Audio Story Collection
On an August Thursday afternoon in 2003 a blackout hit a lot of people in the Northeast. Fragile as we were from the recent attacks on New York City and Washington DC, the immediate thought for a lot of people was that it was another attack, and that it had been successful. The battery-powered radios that people turned on reassured us again and again that no, in fact it was just a blackout (just a blackout? It affected millions of people) and that everything was fine from a security standpoint.
Interesting what happens in a community when something that has become so basic is lost. Restaurants, knowing that their freezers and coolers would not be able to store food opened up to have huge parties. Delis and stores gave neighborhood regulars credit where they never had before, because of course none of us had any money as it was all locked inside now-useless ATM's. Once feelings of fear had calmed a party atmosphere took over in a lot of places. Looting was non-existent, sharing was everywhere.

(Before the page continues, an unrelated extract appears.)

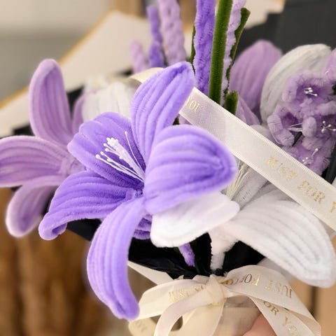 Blomstene er laget av satin og er allergivenlig. Lager og selger også andre gaver krystaller osv.I julesesong også kranser og andre dekorasjoner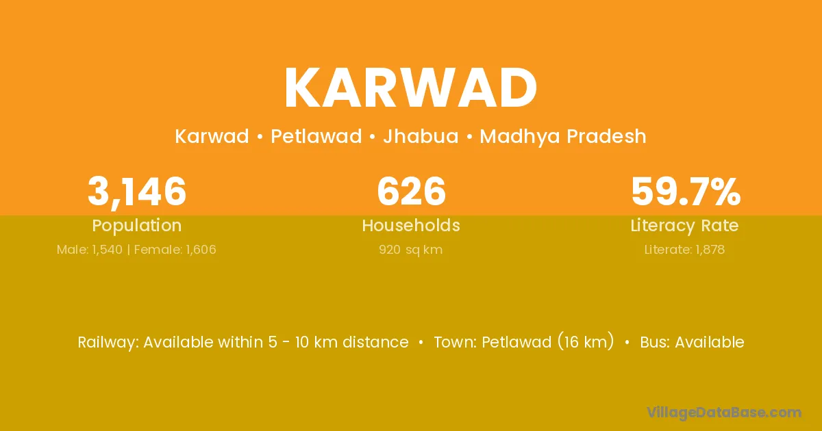 Petlawad (16 km) is the nearest town to Karwad village for major economic activities and is located approximately 16 km away.

Being August, it was hot in the way that only New York City can be hot, that baking heat that radiates out from every surface well into the night. Even the breeze becomes just a fetid current, swirling the heat without dissipating it. It is a dirty heat, an oppressive heat so different from the oppressive heat of the South where I grew up. This heat is meaner, harder. It has the quality of air that has been hard-used and spit back out from machines and people and that feels greasy and gritty.
The night became a negotiation between myself and my fridge: Every time I opened it it got warmer, but that was where the beer was kept. Eventually my wife went to bed, overcome with the heat and the dark, and I sat up and did the only thing I knew to do, I drank warming beer and played guitar. I remember the feeling of my skin sticking to the back and the top of the guitar as I played, and how the guitar itself was warm, as if I had been keeping it in a warming drawer.
To take my mind off of everything I started to make a song. A waltz, which is slow and put me in mind of dancing in a cooler time and place.